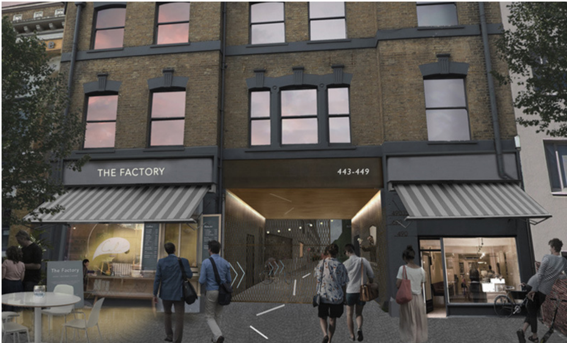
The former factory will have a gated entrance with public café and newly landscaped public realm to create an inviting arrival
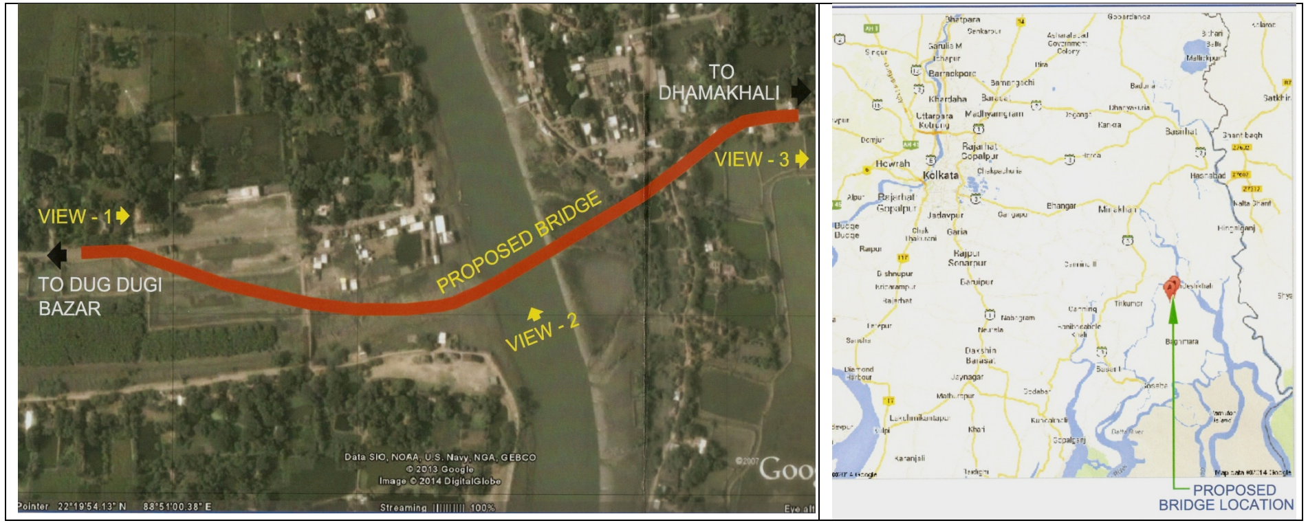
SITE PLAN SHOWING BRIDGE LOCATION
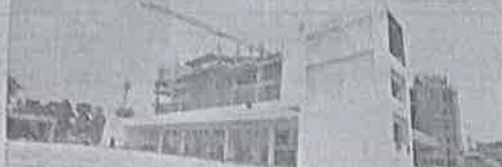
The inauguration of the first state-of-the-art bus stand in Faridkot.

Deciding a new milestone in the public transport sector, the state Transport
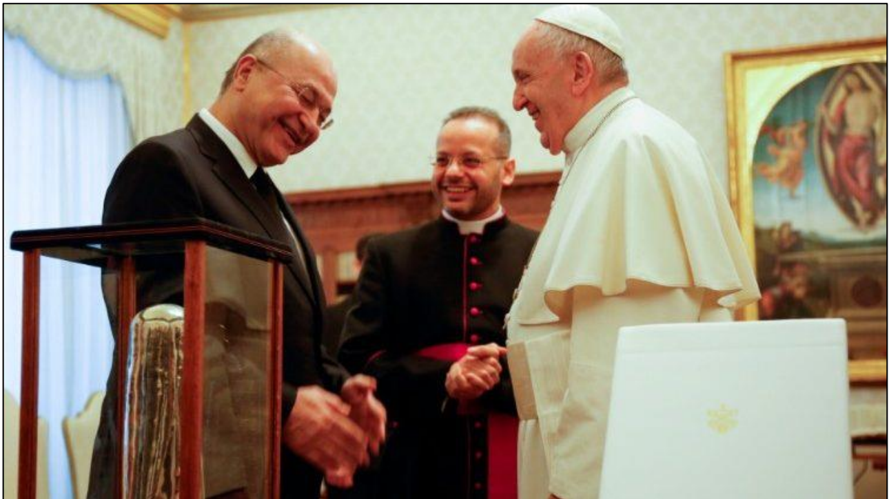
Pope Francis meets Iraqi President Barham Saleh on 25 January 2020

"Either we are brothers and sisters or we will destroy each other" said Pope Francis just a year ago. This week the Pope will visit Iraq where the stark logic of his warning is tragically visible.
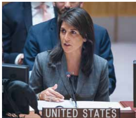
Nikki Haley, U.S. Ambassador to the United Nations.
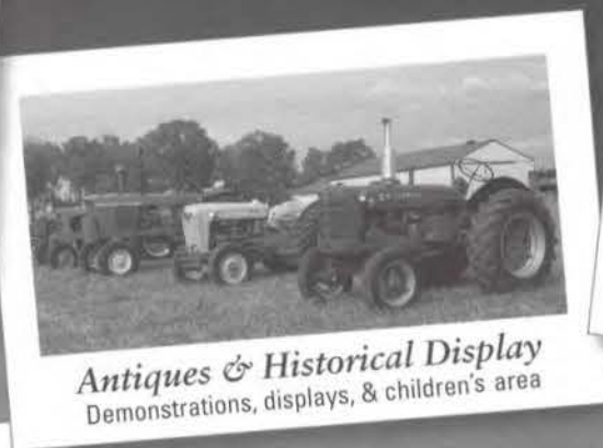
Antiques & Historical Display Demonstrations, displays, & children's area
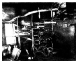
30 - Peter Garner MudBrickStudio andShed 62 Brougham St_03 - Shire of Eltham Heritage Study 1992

┄┄┄┄┄┄

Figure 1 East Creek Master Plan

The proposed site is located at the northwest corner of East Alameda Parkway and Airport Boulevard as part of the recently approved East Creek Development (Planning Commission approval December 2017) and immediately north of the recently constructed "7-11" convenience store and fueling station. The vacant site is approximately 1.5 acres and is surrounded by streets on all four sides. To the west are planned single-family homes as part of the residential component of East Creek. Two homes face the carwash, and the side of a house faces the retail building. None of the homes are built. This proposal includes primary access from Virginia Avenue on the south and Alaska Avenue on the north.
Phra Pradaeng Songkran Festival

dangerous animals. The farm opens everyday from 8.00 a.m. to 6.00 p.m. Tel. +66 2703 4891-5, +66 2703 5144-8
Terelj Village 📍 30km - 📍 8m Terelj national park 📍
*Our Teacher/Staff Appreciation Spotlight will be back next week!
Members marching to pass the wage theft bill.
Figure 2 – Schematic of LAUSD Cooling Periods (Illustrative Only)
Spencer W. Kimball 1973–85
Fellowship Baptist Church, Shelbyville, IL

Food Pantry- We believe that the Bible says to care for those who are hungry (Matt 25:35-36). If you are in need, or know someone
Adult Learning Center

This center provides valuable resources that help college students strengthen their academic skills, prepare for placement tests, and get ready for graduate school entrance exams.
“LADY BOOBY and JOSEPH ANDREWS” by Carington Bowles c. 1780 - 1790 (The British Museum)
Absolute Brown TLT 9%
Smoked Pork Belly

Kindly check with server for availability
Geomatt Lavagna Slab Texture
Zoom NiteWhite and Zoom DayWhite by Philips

┄┄┄┄┄┄

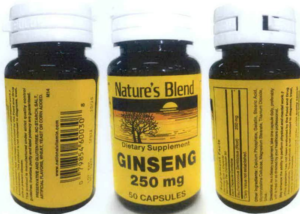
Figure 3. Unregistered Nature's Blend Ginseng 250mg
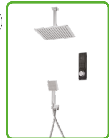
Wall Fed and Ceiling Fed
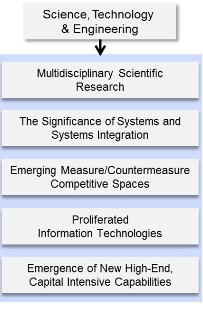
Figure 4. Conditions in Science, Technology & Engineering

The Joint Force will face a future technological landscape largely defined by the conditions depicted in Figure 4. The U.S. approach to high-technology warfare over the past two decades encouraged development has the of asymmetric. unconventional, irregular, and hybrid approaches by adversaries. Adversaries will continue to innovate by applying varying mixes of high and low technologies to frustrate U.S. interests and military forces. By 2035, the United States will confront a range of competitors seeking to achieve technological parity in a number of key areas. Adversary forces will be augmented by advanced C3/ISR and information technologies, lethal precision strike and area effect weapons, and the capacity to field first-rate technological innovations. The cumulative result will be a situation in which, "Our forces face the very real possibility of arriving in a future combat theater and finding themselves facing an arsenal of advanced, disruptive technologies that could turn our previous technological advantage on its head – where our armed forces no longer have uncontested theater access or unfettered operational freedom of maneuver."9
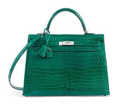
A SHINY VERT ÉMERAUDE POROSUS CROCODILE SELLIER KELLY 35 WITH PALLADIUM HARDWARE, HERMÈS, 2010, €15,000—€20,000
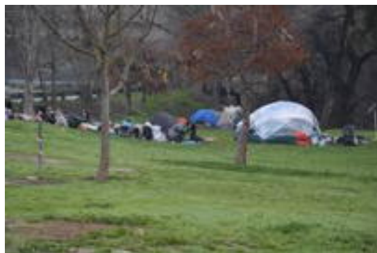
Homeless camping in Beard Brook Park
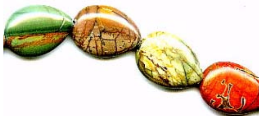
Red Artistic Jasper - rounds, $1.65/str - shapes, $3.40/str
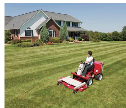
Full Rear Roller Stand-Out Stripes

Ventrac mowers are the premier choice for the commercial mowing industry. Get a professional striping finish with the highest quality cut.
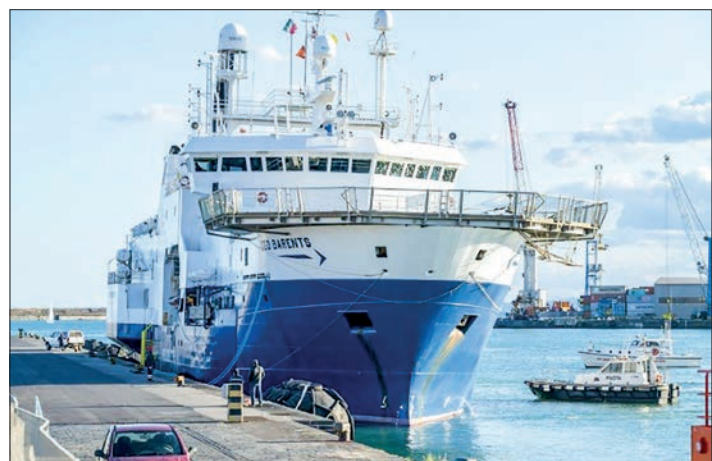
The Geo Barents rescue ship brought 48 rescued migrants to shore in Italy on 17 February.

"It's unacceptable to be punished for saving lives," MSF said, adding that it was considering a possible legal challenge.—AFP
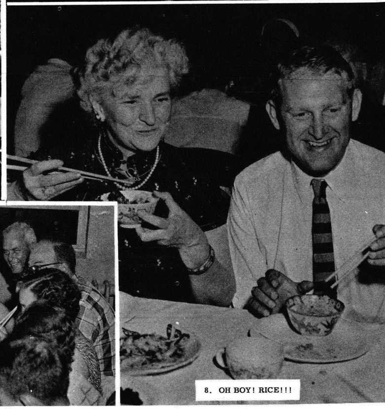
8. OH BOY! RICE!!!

┄┄┄┄┄┄

From the entries above, extract every line where the word "United" appears.

FINISHED EXERCISE -
Nikki Haley, U.S. Ambassador to the United Nations.
The Joint Force will face a future technological landscape largely defined by the conditions depicted in Figure 4. The U.S. approach to high-technology warfare over the past two decades encouraged development has the of asymmetric. unconventional, irregular, and hybrid approaches by adversaries. Adversaries will continue to innovate by applying varying mixes of high and low technologies to frustrate U.S. interests and military forces. By 2035, the United States will confront a range of competitors seeking to achieve technological parity in a number of key areas. Adversary forces will be augmented by advanced C3/ISR and information technologies, lethal precision strike and area effect weapons, and the capacity to field first-rate technological innovations. The cumulative result will be a situation in which, "Our forces face the very real possibility of arriving in a future combat theater and finding themselves facing an arsenal of advanced, disruptive technologies that could turn our previous technological advantage on its head – where our armed forces no longer have uncontested theater access or unfettered operational freedom of maneuver."9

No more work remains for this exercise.